Чем дальше Дороти отходила от реки, тем жиже становился покров тумана, да и рассвет все ярче освещал улицу. Вскоре ей встретилось несколько высоких двуколок, груженных мешками с рисом. На мешках сидели погонщики и цокали, подгоняя мерно бредущих буйволов. Потом ей встретились молодые монахи, шагавшие цепочкой. Им было зябко поутру, и они были закутаны в оранжевые тоги так туго, что стали похожи на гусениц. Головы монахов были тщательно выбриты, к груди каждый прижимал пузатый черный горшок. И хоть Дороти не помнила, чтобы ей когда-нибудь приходилось видеть буддийских монахов, она узнала их и догадалась сразу, что они идут просить утреннее подаяние, — в ней проснулась память ее матери.

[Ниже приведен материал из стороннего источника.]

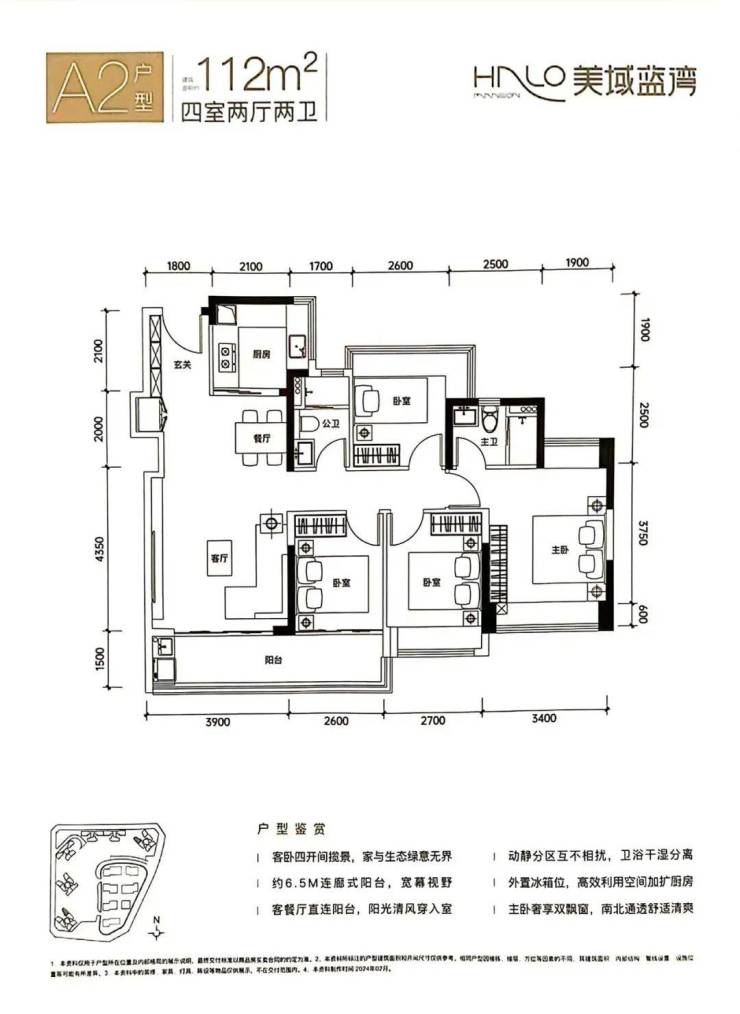 A2户型-112㎡的4房2厅2卫,设计的是竖厅格局,客厅连接次卧出阳台(有6.5米长),四开间朝南,S墙设计预留冰箱位,主卧双飘窗南北对流,U型厨房,得房率:80.12%(不含赠送),有西南或东北朝向。

Дороти остановилась, видя, как монахи подошли к стоявшему на сваях деревянному дому, окруженному широкой верандой. По ступенькам веранды навстречу им спустилась пожилая стройная женщина в длинной, плотно облегающей ноги юбке и белой блузке. Ее волосы были собраны в пучок, украшенный гирляндой белых цветов, которые далеко распространяли сладкий и тяжелый аромат.
Женщина держала в руке большую кастрюлю и поварешку. Ею она зачерпывала рисовую кашу и ловко кидала каждому по очереди в горшок. Получив взяток, монахи вереницей побрели к следующему дому.
Проходя мимо женщины, одарившей рисом последнего, десятилетнего монашка, Дороти спросила:
— Доброе утро, вы не скажете, госпожа, как мне пройти к Шведагону?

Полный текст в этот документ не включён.